Master's defences | Marty Fuhry, An Implementation of the Discontinuous Galerkin Method on Graphics Processing Units

Wednesday, April 10, 2013 10:00 am - 10:00 am EDT (GMT -04:00)

MC 5158

Candidate

Marty Fuhry, Applied Mathematics, University of Waterloo

Title

An Implementation of the Discontinuous Galerkin Method on Graphics Processing Units

Abstract

Computing highly-accurate approximate solutions to partial differential equations (PDEs) requires both a robust numerical method and a powerful machine. We present a parallel implementation of the discontinuous Galerkin (DG) method on graphics processing units (GPUs). In addition to being flexible and highly accurate, DG methods accommodate parallel architectures well, as their discontinuous nature produces entirely  element-local approximations.

While GPUs were originally intended to compute and display computer graphics, they have recently become a popular general purpose computing device. These cheap and extremely powerful devices have a massively parallel structure. With the recent addition of double precision floating point number support, GPUs have matured as serious platforms for parallel scientific computing.

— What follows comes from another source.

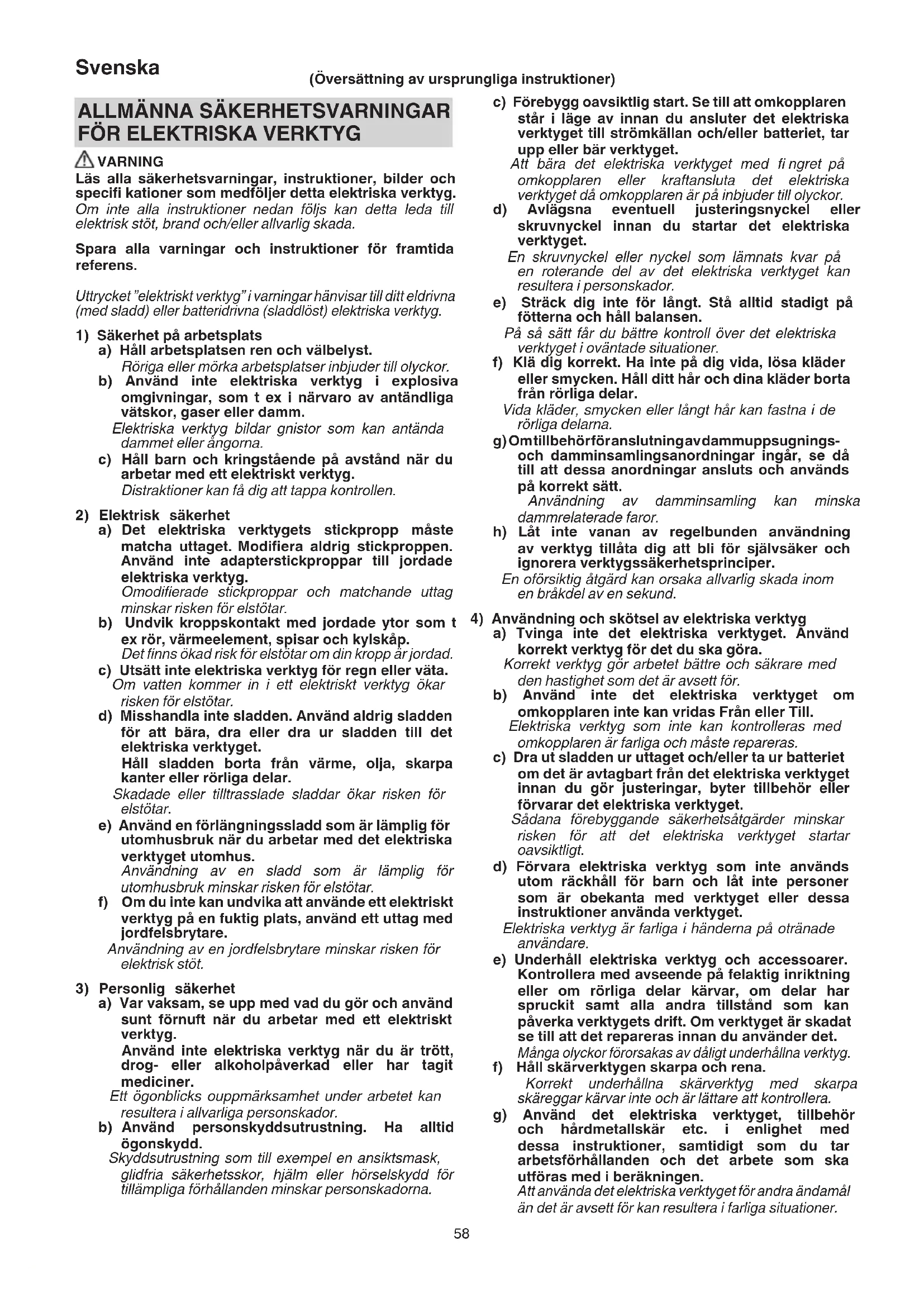 VARNING Läs alla säkerhetsvarningar, instruktioner, bilder och specifi kationer som medföljer detta elektriska verktyg. Om inte alla instruktioner nedan följs kan detta leda till elektrisk stöt, brand och/eller allvarlig skada. Spara alla varningar och instruktioner för framtida referens. Uttrycket ”elektriskt verktyg” i varningar hänvisar till ditt eldrivna (med sladd) eller batteridrivna (sladdlöst) elektriska verktyg.

In this thesis, we present an implementation of the DG method applied to systems of hyperbolic conservation laws in two dimensions on a GPU using NVIDIA’s Compute Unified Device Architecture (CUDA). Numerous computed examples from linear advection to the Euler equations demonstrate the modularity and usefulness of our implementation. Benchmarking our method against a single core, serial implementation of  the DG method reveals a speedup of a factor of over fifty times using a $500 USD NVIDIA GTX 580.